As you can see, there is something wrong here. The more macho message has the decorative typeface, and the flowery scented message has the stronger (bolder) typeface. The fact that the messages and the typefaces don’t match up illustrates that type does have some influence on the tone of a design. This likely does not come as a surprise in an example as simple as this, but how about the examples below?
This picture is set in Helvetica, one of the most widely used typefaces since the time it was born in the 1960s.
And this is set in Caslon, another of the most widely used typefaces since it came into use in the 18th century.

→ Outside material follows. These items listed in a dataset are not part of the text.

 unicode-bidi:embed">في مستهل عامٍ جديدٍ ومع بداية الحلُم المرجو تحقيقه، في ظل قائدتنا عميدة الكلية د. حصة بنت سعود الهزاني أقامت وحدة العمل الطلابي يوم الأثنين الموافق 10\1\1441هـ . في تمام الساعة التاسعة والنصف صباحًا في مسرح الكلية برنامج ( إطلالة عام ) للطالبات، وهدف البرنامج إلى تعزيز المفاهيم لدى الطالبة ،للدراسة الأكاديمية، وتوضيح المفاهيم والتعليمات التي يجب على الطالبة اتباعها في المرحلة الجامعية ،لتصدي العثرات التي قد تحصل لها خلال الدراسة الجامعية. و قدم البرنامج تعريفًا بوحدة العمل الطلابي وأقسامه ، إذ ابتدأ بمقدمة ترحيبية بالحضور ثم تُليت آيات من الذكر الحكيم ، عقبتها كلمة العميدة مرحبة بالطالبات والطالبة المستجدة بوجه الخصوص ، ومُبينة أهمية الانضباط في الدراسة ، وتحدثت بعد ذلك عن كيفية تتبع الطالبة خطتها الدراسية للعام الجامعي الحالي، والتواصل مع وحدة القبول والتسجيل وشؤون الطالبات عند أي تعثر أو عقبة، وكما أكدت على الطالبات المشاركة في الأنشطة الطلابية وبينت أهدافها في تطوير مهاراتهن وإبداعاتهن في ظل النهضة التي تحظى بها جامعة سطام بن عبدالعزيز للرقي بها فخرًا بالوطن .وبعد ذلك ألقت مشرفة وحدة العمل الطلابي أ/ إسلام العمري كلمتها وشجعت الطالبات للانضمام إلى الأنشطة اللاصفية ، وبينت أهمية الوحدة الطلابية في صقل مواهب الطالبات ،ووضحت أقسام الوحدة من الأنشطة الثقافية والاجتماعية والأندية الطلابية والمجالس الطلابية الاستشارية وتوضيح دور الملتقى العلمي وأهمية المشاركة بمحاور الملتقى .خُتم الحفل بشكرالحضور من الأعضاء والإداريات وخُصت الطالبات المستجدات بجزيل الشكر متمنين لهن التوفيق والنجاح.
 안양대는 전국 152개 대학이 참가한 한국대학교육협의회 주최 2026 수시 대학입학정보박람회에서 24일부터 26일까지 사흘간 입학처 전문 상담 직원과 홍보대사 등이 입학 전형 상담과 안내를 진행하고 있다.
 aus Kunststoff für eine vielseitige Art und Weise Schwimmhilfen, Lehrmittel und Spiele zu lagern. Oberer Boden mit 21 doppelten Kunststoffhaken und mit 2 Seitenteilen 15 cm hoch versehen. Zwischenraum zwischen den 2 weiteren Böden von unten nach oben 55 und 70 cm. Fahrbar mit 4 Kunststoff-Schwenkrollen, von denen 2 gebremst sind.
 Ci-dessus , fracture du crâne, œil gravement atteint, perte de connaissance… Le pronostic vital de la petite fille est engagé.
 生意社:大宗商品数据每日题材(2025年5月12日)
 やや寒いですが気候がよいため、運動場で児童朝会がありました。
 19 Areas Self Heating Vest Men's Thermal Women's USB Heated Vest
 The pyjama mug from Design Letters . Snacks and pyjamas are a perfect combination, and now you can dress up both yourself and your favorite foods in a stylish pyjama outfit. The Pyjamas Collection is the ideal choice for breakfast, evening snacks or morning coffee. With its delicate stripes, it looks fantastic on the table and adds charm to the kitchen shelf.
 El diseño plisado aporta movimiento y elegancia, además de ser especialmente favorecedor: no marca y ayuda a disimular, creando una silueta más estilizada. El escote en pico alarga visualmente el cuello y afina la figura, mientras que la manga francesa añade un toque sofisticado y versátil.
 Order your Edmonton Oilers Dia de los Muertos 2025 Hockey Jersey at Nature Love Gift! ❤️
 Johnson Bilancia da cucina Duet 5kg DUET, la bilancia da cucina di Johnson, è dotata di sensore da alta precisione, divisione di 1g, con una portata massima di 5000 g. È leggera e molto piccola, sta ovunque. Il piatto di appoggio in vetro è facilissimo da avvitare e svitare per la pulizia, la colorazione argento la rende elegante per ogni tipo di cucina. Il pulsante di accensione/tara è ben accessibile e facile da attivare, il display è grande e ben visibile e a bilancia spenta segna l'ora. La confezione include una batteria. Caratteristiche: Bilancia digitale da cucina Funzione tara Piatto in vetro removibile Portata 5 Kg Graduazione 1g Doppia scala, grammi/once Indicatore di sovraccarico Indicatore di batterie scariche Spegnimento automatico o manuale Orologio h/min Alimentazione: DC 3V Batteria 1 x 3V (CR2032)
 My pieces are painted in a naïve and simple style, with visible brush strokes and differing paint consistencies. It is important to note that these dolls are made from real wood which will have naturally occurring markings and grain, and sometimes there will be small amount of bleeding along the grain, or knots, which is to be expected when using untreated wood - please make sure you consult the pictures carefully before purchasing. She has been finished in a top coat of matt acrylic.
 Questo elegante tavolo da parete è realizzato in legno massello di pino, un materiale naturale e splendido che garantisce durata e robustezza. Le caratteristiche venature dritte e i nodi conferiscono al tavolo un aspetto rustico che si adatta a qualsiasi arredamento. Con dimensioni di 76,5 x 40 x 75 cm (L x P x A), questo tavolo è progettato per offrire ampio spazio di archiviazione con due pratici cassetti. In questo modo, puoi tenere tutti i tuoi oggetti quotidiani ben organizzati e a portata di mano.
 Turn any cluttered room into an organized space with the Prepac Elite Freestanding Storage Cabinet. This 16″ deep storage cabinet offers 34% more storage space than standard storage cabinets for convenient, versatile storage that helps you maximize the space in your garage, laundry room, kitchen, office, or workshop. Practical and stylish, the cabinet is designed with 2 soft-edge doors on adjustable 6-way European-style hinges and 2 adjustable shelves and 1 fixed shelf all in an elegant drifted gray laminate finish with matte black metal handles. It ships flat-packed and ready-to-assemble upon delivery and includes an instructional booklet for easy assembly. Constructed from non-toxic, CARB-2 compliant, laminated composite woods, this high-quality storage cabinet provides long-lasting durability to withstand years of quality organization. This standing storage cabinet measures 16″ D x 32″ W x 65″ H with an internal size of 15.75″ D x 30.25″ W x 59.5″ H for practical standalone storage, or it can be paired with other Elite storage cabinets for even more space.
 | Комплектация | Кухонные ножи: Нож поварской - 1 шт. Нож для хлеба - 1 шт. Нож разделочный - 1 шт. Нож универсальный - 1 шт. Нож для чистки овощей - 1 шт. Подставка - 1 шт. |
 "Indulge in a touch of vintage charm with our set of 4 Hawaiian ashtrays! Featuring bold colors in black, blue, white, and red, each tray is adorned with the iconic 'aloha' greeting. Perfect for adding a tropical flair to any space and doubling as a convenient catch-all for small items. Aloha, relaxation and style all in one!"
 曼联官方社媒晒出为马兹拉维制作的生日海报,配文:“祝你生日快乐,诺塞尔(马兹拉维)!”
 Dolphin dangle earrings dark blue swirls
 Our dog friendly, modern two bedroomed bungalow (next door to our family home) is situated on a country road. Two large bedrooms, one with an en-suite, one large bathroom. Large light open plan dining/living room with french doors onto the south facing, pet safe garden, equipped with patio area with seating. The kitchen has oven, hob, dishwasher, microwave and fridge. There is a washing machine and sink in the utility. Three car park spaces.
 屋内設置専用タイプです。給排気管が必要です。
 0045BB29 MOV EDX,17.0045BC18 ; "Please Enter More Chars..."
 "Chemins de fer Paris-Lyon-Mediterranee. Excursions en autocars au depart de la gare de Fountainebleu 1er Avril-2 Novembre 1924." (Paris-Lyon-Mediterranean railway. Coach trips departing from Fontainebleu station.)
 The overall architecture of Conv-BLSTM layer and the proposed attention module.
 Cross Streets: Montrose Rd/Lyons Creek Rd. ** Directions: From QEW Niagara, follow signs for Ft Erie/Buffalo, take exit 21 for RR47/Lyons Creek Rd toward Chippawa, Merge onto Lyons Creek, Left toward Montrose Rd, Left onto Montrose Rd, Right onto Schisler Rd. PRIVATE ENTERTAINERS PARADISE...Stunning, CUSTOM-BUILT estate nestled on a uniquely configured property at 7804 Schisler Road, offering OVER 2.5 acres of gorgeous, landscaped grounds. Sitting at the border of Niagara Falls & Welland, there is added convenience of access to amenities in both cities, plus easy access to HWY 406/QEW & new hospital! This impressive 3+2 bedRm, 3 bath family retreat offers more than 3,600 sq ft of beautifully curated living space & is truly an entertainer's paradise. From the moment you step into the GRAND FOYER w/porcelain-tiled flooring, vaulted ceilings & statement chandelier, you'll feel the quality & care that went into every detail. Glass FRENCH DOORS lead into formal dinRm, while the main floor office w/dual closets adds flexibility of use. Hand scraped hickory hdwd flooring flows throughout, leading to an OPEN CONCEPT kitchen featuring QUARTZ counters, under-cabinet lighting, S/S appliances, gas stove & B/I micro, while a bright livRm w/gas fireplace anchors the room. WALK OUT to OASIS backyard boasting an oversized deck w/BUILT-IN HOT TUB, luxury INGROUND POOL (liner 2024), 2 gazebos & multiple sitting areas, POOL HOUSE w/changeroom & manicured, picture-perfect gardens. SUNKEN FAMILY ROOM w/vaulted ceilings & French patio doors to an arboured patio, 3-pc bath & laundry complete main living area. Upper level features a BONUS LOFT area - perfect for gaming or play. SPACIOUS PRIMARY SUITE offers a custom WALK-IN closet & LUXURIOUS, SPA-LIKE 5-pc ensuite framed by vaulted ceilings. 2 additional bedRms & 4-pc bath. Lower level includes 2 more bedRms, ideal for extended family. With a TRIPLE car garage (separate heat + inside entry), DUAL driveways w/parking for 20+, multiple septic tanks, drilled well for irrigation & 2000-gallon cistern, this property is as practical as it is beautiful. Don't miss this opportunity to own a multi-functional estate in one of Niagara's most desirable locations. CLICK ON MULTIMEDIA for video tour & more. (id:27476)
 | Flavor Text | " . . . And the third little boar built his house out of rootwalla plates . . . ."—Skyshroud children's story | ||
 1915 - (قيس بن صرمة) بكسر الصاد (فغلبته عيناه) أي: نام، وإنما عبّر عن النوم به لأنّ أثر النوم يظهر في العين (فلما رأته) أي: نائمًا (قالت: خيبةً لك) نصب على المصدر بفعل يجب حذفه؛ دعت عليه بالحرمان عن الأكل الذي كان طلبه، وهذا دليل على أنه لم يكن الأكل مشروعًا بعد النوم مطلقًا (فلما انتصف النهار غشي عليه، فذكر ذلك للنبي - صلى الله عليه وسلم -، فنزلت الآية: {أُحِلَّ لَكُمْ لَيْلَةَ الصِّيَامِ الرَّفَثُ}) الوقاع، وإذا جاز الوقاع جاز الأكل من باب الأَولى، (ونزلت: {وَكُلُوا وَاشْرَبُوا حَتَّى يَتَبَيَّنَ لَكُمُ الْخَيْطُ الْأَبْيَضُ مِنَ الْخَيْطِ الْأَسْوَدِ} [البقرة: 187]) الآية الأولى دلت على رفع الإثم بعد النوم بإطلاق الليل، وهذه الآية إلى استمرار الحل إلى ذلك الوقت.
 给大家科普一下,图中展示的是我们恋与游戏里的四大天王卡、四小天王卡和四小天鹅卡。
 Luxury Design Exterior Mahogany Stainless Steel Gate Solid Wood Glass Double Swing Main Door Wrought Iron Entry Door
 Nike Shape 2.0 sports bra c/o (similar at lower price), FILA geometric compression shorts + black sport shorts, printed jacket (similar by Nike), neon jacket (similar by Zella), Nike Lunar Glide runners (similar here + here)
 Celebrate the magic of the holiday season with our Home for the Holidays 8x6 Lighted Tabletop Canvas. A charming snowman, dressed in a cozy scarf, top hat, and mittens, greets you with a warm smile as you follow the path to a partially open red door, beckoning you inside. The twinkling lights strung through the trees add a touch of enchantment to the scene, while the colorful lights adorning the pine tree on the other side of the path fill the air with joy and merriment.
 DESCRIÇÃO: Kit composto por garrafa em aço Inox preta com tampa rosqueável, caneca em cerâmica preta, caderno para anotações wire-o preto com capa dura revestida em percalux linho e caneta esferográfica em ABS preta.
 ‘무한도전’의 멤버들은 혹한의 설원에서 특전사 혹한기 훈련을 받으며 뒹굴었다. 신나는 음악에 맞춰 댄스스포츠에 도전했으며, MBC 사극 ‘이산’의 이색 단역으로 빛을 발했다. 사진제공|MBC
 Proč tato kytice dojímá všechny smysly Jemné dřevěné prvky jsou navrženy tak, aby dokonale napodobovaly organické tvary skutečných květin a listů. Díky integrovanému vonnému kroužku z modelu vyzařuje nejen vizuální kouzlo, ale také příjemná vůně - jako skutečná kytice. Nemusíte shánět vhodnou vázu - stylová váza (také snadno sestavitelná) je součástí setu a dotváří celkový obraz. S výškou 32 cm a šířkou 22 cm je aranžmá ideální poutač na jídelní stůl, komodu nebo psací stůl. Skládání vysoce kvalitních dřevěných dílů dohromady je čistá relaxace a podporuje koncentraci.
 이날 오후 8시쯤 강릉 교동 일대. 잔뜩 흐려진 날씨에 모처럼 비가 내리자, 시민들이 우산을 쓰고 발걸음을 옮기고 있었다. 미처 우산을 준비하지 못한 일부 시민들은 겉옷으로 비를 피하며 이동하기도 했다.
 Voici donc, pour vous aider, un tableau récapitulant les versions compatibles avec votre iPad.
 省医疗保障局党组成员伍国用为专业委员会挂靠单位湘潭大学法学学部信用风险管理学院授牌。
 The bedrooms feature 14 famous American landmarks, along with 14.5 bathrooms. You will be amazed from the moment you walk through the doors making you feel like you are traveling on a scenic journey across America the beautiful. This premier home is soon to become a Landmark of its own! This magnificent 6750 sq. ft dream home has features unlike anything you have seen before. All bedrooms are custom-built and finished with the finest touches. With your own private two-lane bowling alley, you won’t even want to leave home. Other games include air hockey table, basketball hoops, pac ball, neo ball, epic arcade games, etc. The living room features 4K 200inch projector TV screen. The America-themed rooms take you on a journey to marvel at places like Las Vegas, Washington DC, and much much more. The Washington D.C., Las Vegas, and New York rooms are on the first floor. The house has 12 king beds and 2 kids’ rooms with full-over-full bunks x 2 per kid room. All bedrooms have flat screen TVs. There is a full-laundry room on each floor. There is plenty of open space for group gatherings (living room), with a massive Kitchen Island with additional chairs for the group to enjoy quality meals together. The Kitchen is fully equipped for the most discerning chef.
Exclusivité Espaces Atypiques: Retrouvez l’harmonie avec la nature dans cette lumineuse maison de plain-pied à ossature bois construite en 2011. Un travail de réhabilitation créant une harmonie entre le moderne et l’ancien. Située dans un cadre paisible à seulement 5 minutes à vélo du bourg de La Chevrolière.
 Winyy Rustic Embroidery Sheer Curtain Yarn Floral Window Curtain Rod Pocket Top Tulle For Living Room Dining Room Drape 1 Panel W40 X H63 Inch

The above shows two very different typefaces, but it’s not as easy to explain the differences in terms of how masculine and feminine they are. Even though the typographers who designed the typefaces have very different end goals in mind, either one of the typefaces could work in a given context. Perhaps you could say that the Helvetica package has a more practical and no-nonsense tone, and the Caslon package feels a bit traditional.
It’s simple to see why this is so important in packaging. If you lose a potential buyer’s attention for any part of the few seconds he or she is scanning the shelves, you’ve likely lost the sale. The design of the package needs all of its elements to work together to communicate quite a bit of information clearly and concisely. It’s important to remember that typography is a big part of it.